Copyright: photoeverywhere
Copyright: photoeverywhere

Here’s my test for the budget announced on Wednesday – does it respond to the most urgent problems in housing right now? In my view, it completely fails to address – or even acknowledge – the most urgent housing issues facing this country.

It makes the housing affordability crisis worse

Millions of people are desperate to own their own home, and high rents are putting terrible pressure on household budgets. However, there was very little to help first-time buyers in the budget announced this week and nothing to help renters who are getting into difficulty as a result of the Covid crisis.

Both the main housing policies announced by the Chancellor are not targeted at first-time buyers – so may have the effect of pushing prices further out of reach of those trying to get on the housing ladder.

First – the Tories have said the current Stamp Duty Holiday will be extended for several months. Far from bringing home ownership within reach, the policy has been credited with rocketing house prices. This tax break is available to everyone, not just first-time buyers. As a result, it has effectively handed landlords and second home owners half a billion pounds.

Second – a mortgage guarantee scheme is the other major housing policy in the package, allowing people to get mortgages of up to 95% of the value of a home. Yet again, it is not targeted at first time buyers, meaning that it has the potential to inflate house prices and push homes further beyond the affordability for many first-time buyers.

This budget shows, once again, that the Tories are the party of landlords and developers. They are not on the side of people who need a secure place to live.

It ignores the climate emergency

Insulating homes is key to making them warmer, more energy efficient and healthier. It is also a very effective way of reducing carbon emissions, cutting energy waste and creating jobs.

Sadly, the Chancellor’s statement failed to acknowledge these opportunities, or the urgency of the climate crisis. There was very little on climate change and almost nothing which could apply to the efficiency of homes.

This glaring absence follows the recent news that the government will cut the Green Homes grant, originally designed to spend £2 billion on improving the energy efficiency of 600,000 homes. It seems it will now improve less than a tenth of the target figure.

The collapse of this policy is a devastating U-turn, coming less than four months after the Prime Minister announced an extension to the scheme as a major part of his ’10 point plan’ for a green recovery.

The Green Homes grant was a step in the right direction. Instead of cutting it, the budget was an opportunity to make it bigger and more effective. Labour has repeatedly called for a £30bn green economic recovery to create 400,000 secure jobs in clean industries.

Using the Tories’ own phrase, it could have been a chance to ‘level up’ deprived areas. The average energy performance of homes is lower in deprived regions, particularly in rural areas. Many of these areas are crying out for jobs. A decent home retrofit programme could have solved all these problems.

It tries to hide the cladding scandal

Government inaction has turned a building safety problem into a full-blown crisis.

The response to the Grenfell Tower disaster has been piecemeal and ineffective.

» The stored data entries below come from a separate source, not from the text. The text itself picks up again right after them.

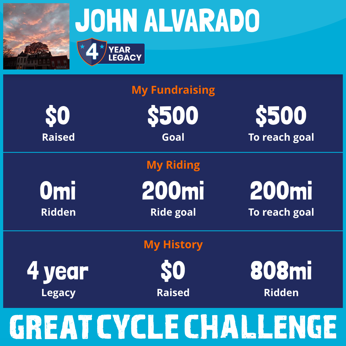 I am riding 200 mi for Man kind. Please sponsor me and support my challenge to fight kids' cancer and save little lives.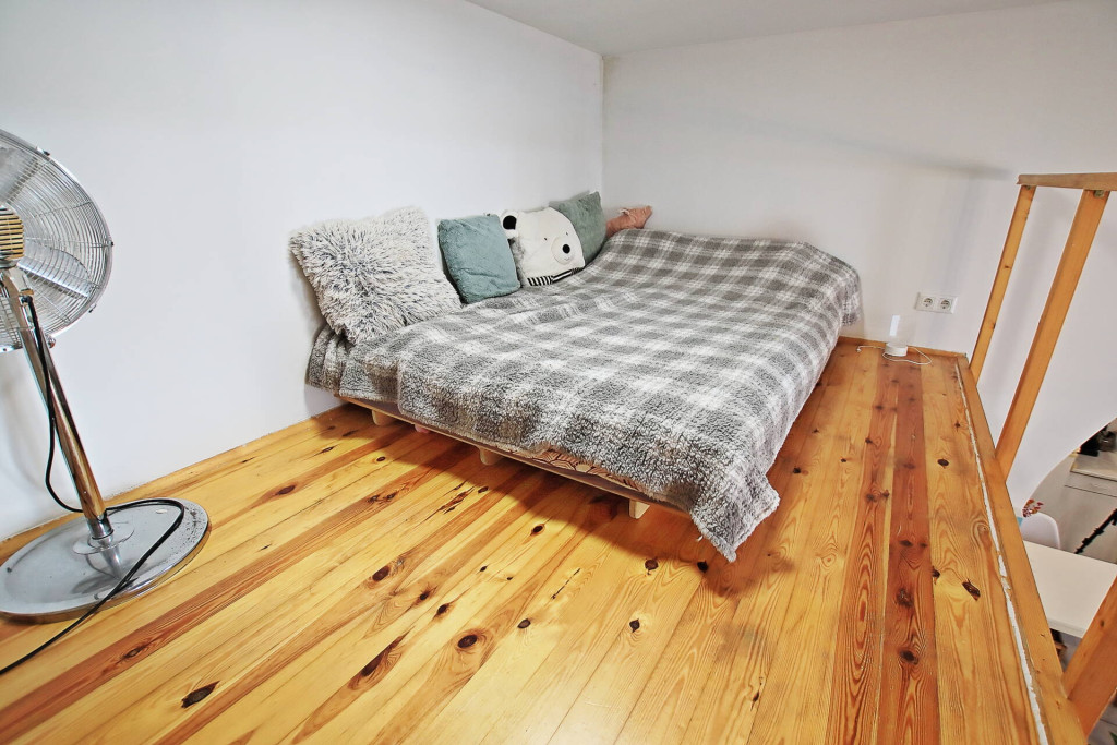 A lakás teljes belmagassága 350 cm, a galéria 7 m2-es, itt 150 cm-es magasság áll a rendelkezésünkre és kényelmesen elfér egy tisztességes méretű franciaágy.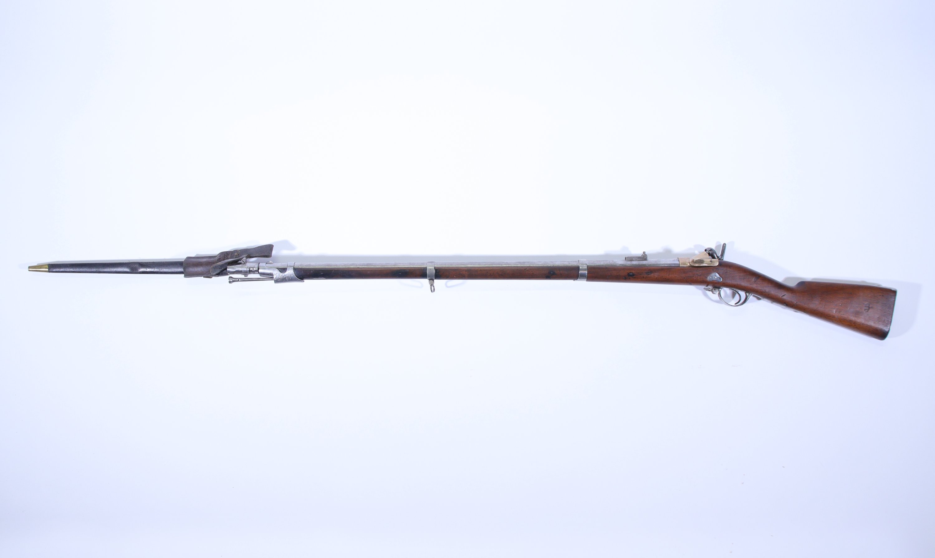 Avec baïonnette à douille (Long. 52,5 cm) et gousset en cuir poinçonné du 84e de ligne.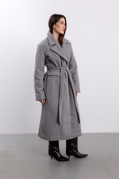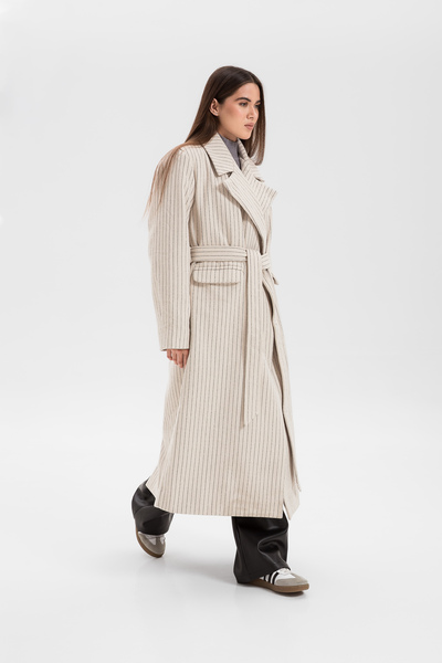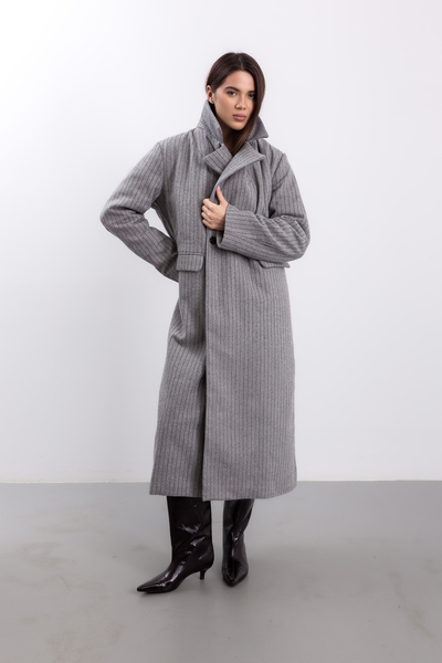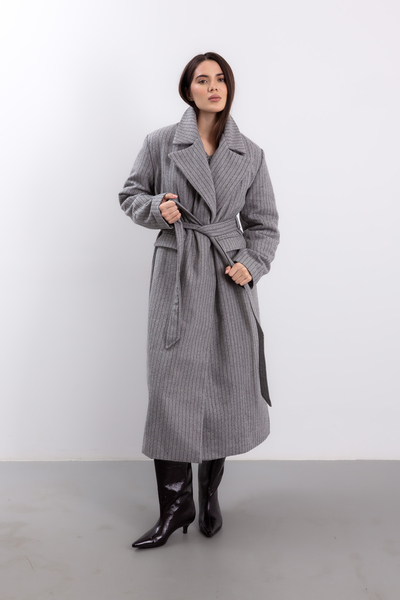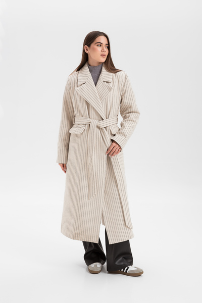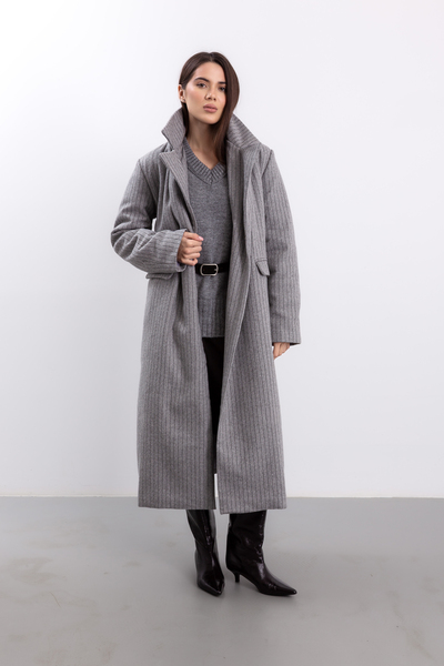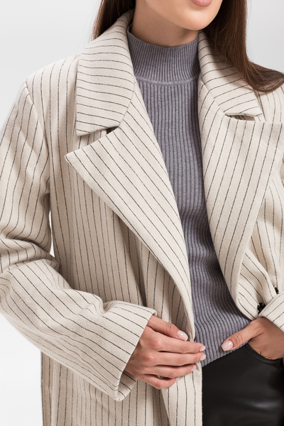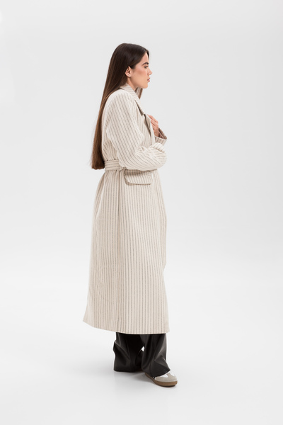 Пальто в смужку KAR-585 - це стильний об'єкт моди, який додасть елегантності вашому осінньому гардеробу.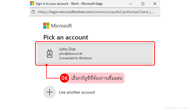 เลือกบัญชีที่ต้องการเชื่อมต่อ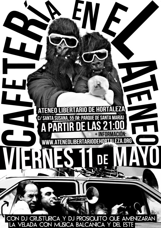 [Viernes 11 de mayo] Cafetería en el Ateneo This entry was posted on 8 de mayo de 2012, in Actividades en el Ateneo. Bookmark the permalink. A partir de las 21:00, cafetería en el local amenizada con música balcánica, por la autogestión del proyecto. ¡Anímate! Comparte esto: Haz clic para compartir en X (Se abre en una ventana nueva) X Haz clic para compartir en Facebook (Se abre en una ventana nueva) Facebook Me gusta Cargando... Relacionado

As a result, there are many thousands of people still living in flats wrapped in flammable cladding, almost four years later. Delays and uncertainty have paralysed a large part of the housing market.

So cladding campaigners have been waiting anxiously for details of the £3.5 billion fund to fix some safety defects in some buildings, which housing minister Chris Pincher promised would come in the budget.

Sadly, this was another broken promise. In the budget there was no mention of the fund, or the cladding crisis, nor building safety. This is incredible – and somewhat worrying – for a spending commitment of this size. Omitting it leaves huge numbers of people in limbo, unsure of whether their building will be covered. There are rumours and media reports that a lot of people will be excluded from this scheme. For some, this will mean financial ruin.

Labour will keep fighting for a fair solution to this crisis. Ignoring this injustice will not make it go away.

It won’t increase the number of homes

The UK has a shortfall of about 4.8 million homes, leading to high levels of homelessness, falling rates of home ownership among young people and high housing costs.

Investment in council housing is an essential part of the solution. It’s not just Labour saying this – this is also the position of Trade Unions, the Local Government Association, the Confederation of British Industry and Shelter. There was nothing in this budget to help councils to build more, in fact the budget for local government and housing is being cut.

There are empty homes and rental properties across the country which could be brought into the council or housing association sector. Many of them need urgent work to make them warm and dry, but again, there was nothing in the budget.

This is economic illiteracy – as well as building and retrofitting homes which people need, this would all create jobs and economic growth, which we badly need as we come out of this crisis.

It won’t confront the reasons people become homeless

While evictions bans are welcome, the government needs to address the underlying problem of high rents, precarious wages and reduced incomes for people with little savings or prospects of a new job in the current climate.

This week they have failed to do this and as a result hundreds of thousands of families are in difficulty. This is likely to put further strain on public finances if they become homeless and have to turn to councils for help. Yet councils are also under great strain and there was nothing for them to help with housing costs in the budget either.